When Lew Sichelman first started writing about housing in 1969, he was the youngest real estate writer in the country. Now, 37 years later, he's one of the oldest -- and most decorated.

He has been rated the top housing columnist in the country by the National Association of Realtors as well as by his peers in the National Association of Real Estate Editors. Indeed, NAREE has recognized his work on numerous occasions. One year - due to his advancing age, he can't recall which one - he earned top honors in the annual NAREE Journalism Contest in three out of the four major writing categories. It was the first time one writer has won so many NAREE awards in a single year.

Known for his ability to make even the most difficult topics understandable, Sichelman also has been honored by the National Association of Home Builders and the Mortgage Bankers Association.

He began providing in-depth coverage of and consumer-oriented information about housing and housing finance at the Washington Daily News, where he was real estate editor. He held that same position for nine more years at the Washington Star, which purchased the News in 1972.
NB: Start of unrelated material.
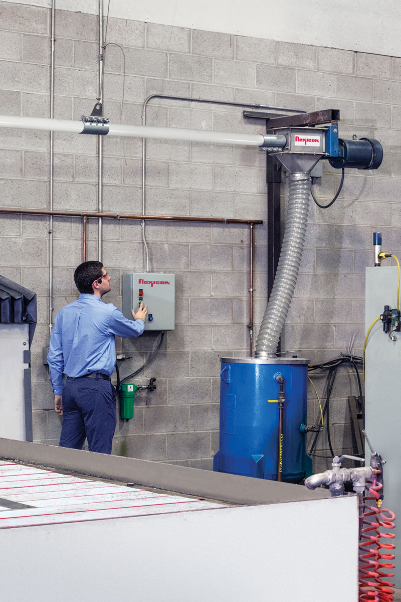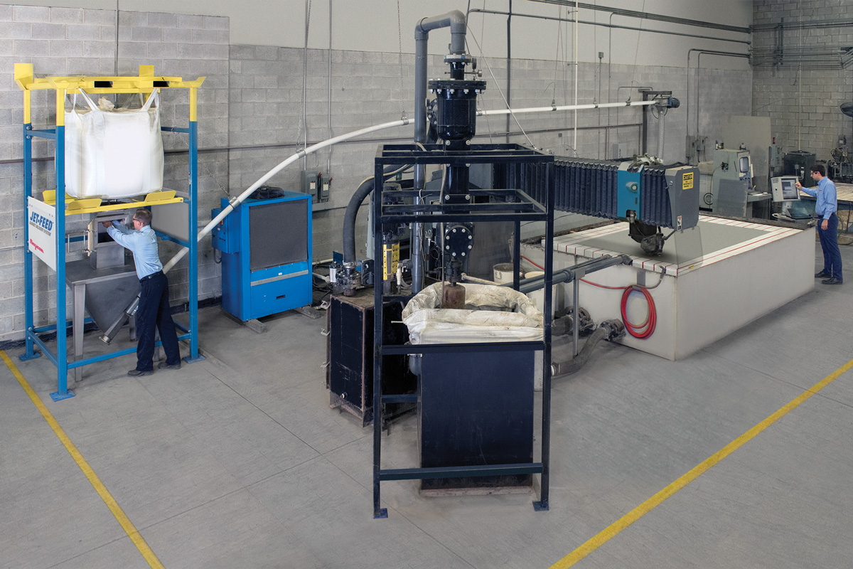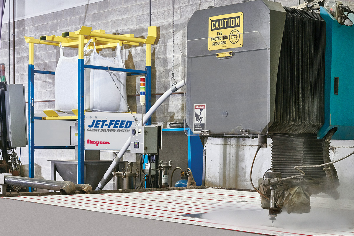 In 2011, management upgraded the process by feeding garnet directly from 4,000 lb (1814 kg) bulk bags to the pressure pot by installing an automated bulk bag discharging-conveying system from Flexicon Corp.

The Star, a so-called "writer's newspaper" which also had the misfortune of being an evening paper, was put out of its misery in 1981, and Sichelman, who had begun self-syndicating his column in 1978, decided to become a full-time columnist. Today, his column, "The Housing Scene," is distributed by United Media to newspapers throughout the country.

He also is on the staff of National Mortgage News, an independent newspaper which is considered the bible of the mortgage business. And he writes for numerous other publications, including MarketWatch.com, where he answers readers questions once a week, Sports Illustrated (don't ask), RealtyTimes.com, BigBuilder and others.

Sichelman is married, the father of five and grandfather of eleven.